→ **Work item**: Below is a listing; retype exactly the lines between the one containing "非游戏应用排行榜. 图片来自:Sensor Tower" and the one containing "Cette série de", inclusive, minus the pictures.

→ **Data extracts**:
------
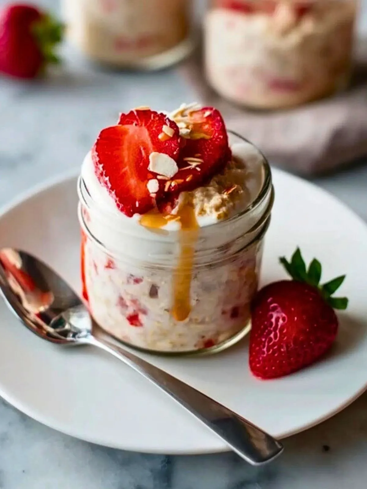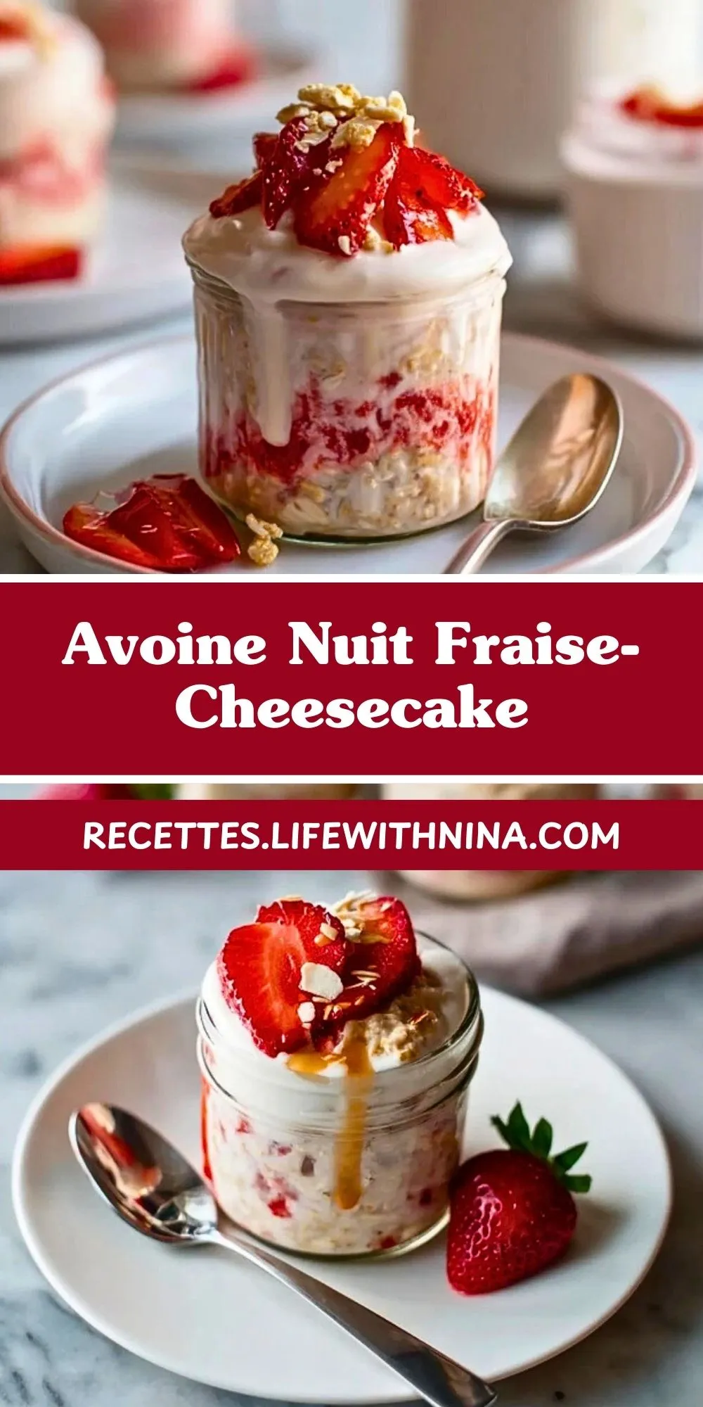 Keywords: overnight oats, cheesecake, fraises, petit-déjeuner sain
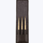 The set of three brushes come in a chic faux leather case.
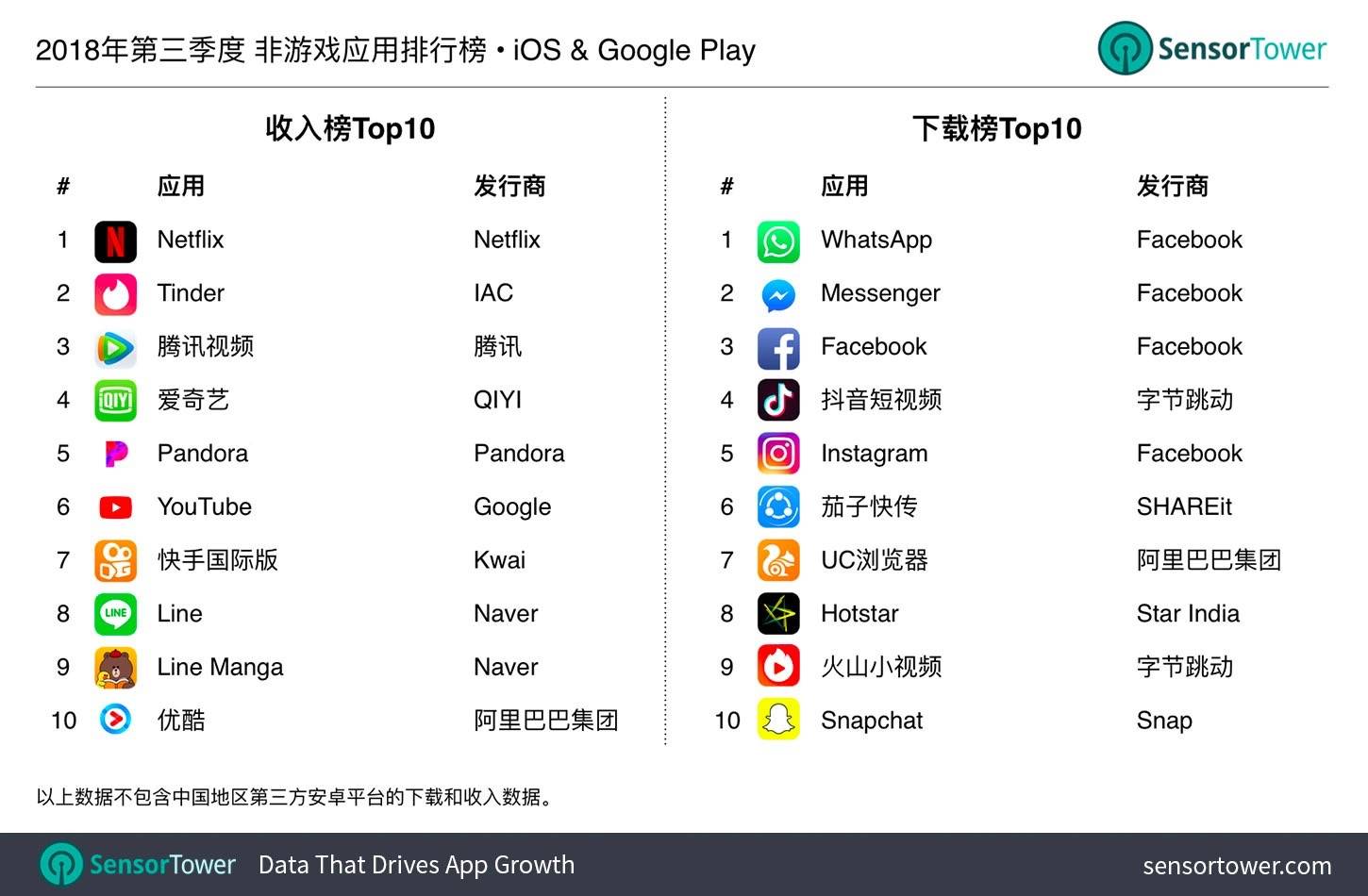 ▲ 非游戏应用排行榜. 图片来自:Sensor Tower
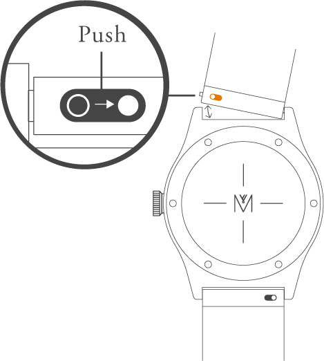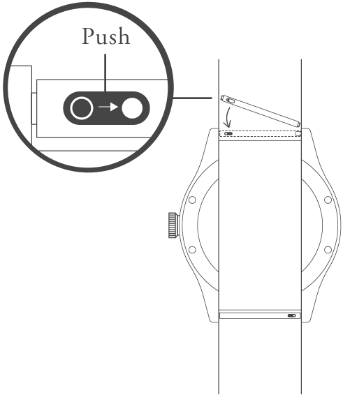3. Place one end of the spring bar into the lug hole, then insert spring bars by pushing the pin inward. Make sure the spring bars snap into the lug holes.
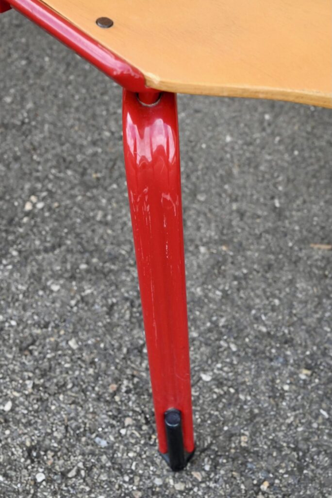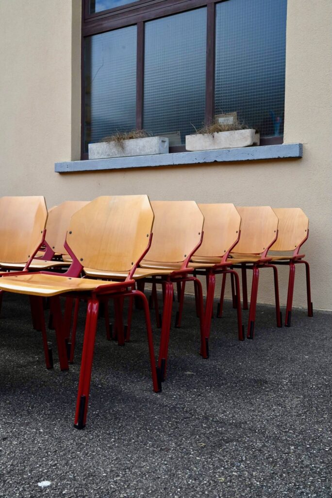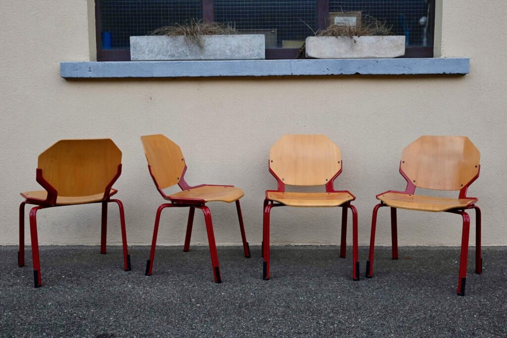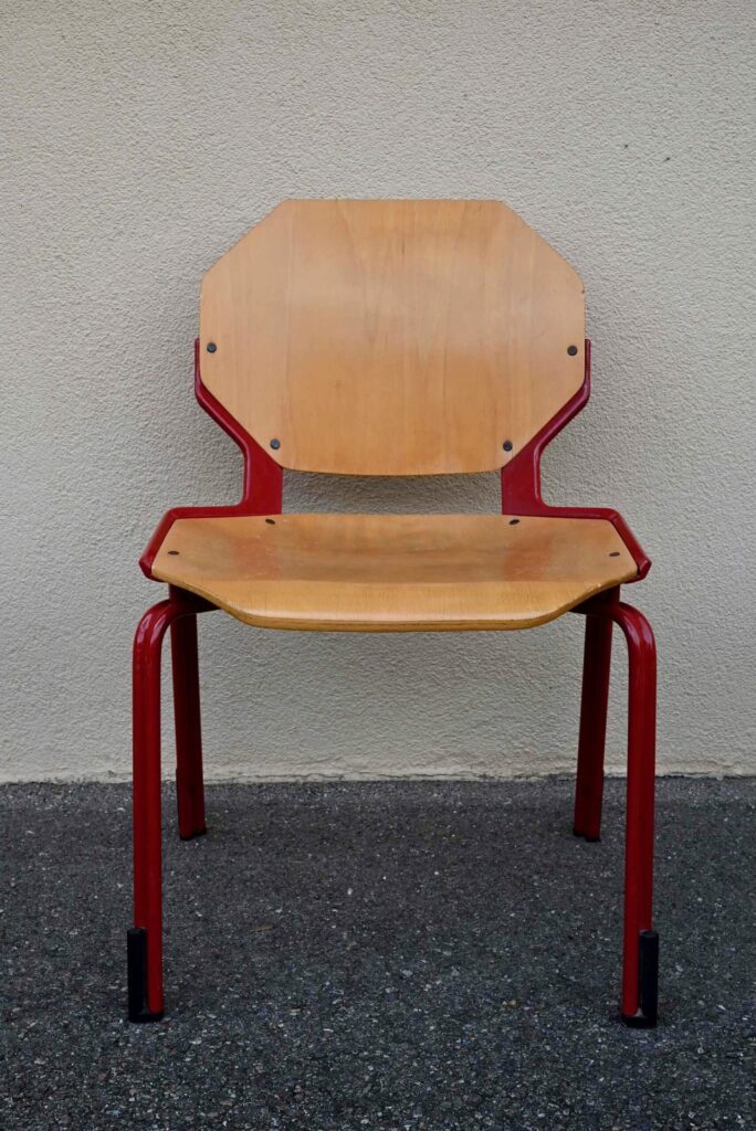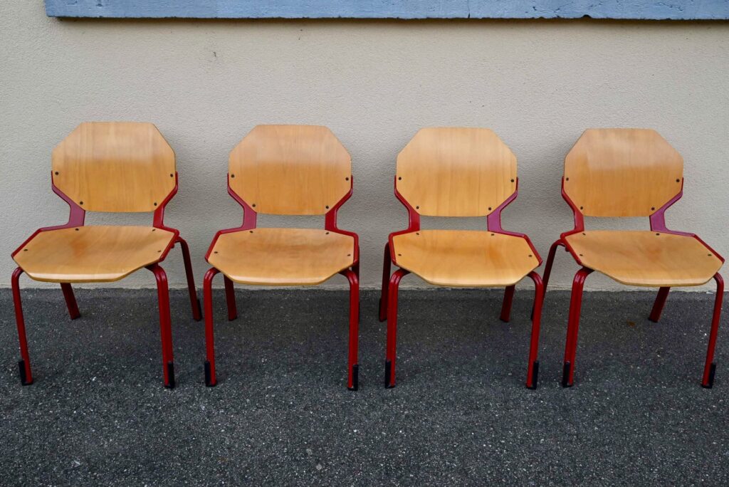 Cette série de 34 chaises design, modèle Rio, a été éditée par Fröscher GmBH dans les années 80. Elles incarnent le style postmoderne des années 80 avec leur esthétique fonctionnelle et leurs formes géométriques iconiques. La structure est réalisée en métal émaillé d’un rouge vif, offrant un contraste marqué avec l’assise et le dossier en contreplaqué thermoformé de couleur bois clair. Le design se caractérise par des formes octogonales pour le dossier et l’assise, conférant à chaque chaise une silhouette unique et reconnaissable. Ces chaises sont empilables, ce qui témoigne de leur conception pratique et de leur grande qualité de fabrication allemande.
------
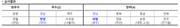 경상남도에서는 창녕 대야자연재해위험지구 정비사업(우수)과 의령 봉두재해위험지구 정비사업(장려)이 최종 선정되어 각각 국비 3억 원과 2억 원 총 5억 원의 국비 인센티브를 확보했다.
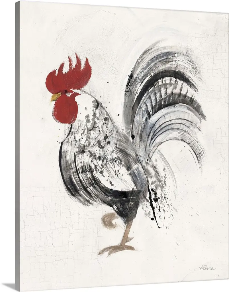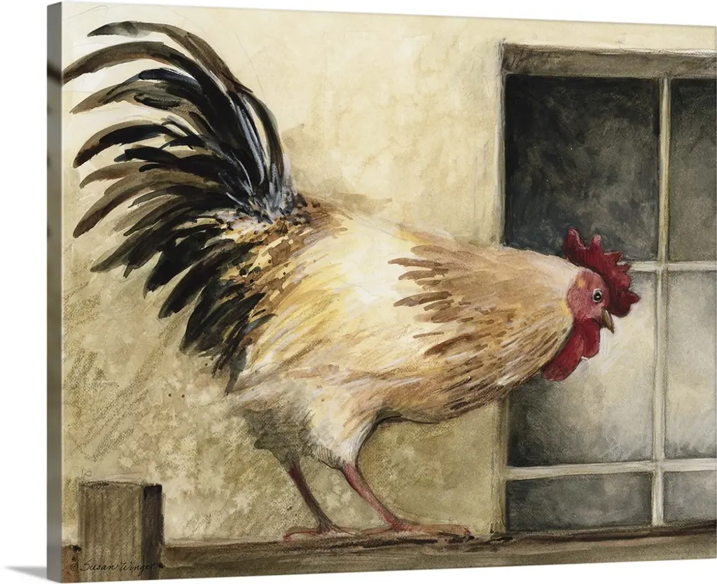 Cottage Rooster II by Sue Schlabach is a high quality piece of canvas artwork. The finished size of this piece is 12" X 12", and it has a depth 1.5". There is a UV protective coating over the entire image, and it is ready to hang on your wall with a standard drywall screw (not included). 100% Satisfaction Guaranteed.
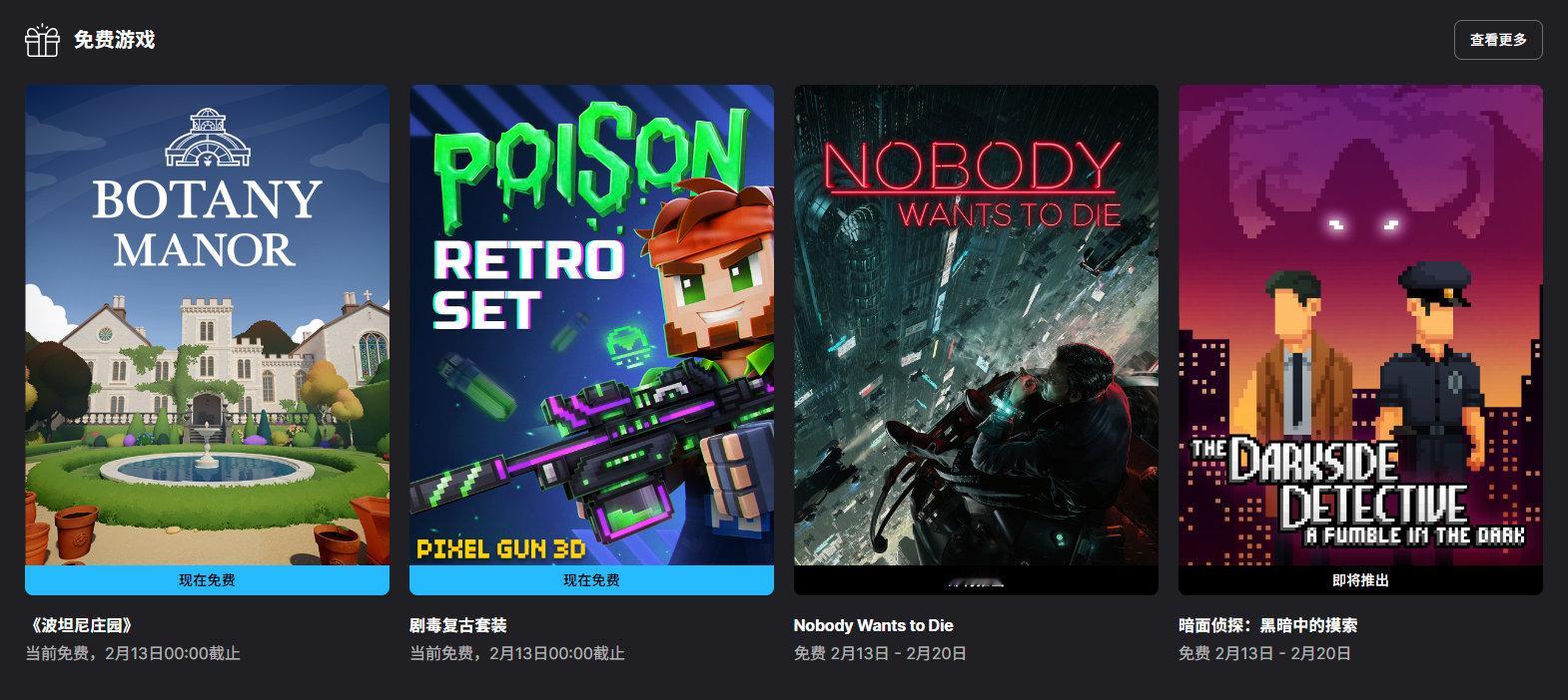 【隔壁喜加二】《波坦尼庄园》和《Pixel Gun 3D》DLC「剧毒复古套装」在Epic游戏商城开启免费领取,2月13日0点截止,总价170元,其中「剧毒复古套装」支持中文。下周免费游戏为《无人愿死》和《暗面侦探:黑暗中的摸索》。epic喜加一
------
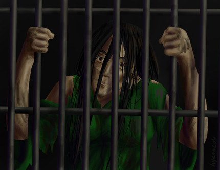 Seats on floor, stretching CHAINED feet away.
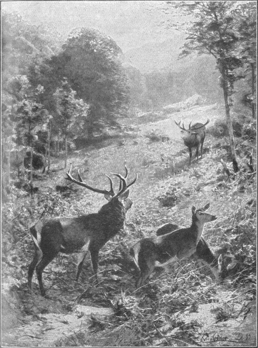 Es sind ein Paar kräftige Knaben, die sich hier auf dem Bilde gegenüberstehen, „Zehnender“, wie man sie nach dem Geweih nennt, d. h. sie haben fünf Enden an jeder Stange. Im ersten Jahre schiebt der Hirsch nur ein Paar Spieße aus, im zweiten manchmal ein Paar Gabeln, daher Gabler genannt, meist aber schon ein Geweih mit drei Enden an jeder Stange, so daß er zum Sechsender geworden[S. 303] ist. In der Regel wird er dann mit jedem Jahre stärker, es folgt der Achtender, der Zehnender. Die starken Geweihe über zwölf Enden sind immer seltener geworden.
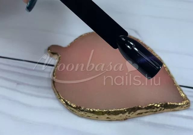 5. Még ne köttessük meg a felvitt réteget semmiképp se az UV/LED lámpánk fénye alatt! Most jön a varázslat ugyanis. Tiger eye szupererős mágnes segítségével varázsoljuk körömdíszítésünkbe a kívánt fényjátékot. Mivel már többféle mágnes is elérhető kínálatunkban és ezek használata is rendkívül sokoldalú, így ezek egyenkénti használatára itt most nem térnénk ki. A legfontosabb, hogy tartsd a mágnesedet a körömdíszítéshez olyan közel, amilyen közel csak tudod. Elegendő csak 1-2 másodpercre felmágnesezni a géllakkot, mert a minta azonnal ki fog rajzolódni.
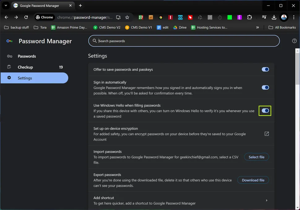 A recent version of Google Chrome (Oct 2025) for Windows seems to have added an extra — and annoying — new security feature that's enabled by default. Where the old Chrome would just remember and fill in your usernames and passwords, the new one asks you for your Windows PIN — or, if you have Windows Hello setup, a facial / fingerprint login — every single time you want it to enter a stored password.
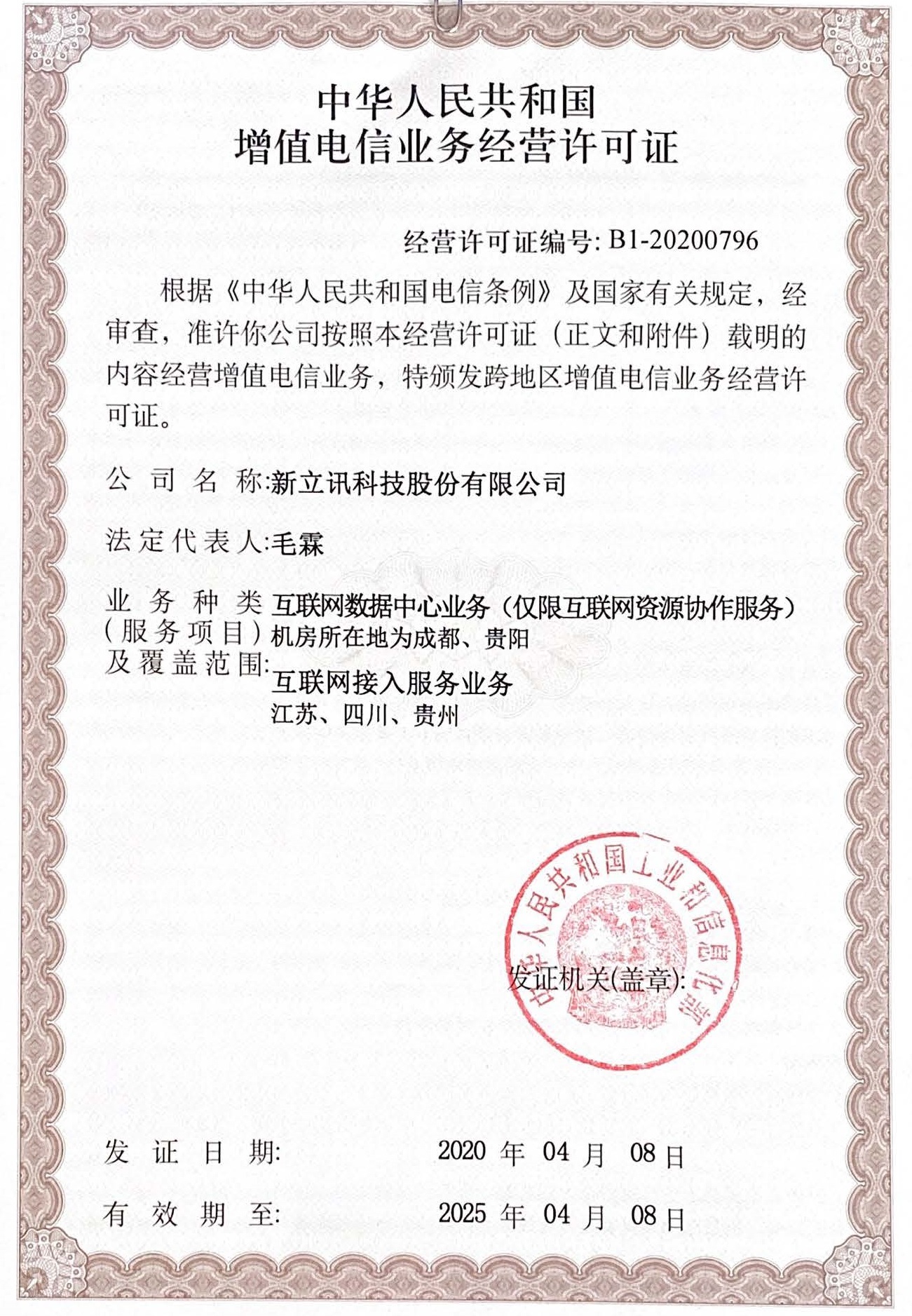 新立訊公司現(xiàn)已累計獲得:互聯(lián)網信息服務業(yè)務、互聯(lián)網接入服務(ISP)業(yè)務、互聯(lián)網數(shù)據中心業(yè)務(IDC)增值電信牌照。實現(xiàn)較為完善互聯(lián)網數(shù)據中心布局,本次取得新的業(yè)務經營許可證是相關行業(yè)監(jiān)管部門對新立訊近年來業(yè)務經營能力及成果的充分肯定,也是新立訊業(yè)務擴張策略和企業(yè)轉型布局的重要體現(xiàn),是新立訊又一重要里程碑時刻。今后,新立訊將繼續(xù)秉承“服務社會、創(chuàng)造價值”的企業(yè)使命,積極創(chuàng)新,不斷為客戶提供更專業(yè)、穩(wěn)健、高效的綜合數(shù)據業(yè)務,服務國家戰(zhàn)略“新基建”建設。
------
→ **Worked solution**:
 ▲ 非游戏应用排行榜. 图片来自:Sensor Tower
3. Place one end of the spring bar into the lug hole, then insert spring bars by pushing the pin inward. Make sure the spring bars snap into the lug holes.
 Cette série de 34 chaises design, modèle Rio, a été éditée par Fröscher GmBH dans les années 80. Elles incarnent le style postmoderne des années 80 avec leur esthétique fonctionnelle et leurs formes géométriques iconiques. La structure est réalisée en métal émaillé d’un rouge vif, offrant un contraste marqué avec l’assise et le dossier en contreplaqué thermoformé de couleur bois clair. Le design se caractérise par des formes octogonales pour le dossier et l’assise, conférant à chaque chaise une silhouette unique et reconnaissable. Ces chaises sont empilables, ce qui témoigne de leur conception pratique et de leur grande qualité de fabrication allemande.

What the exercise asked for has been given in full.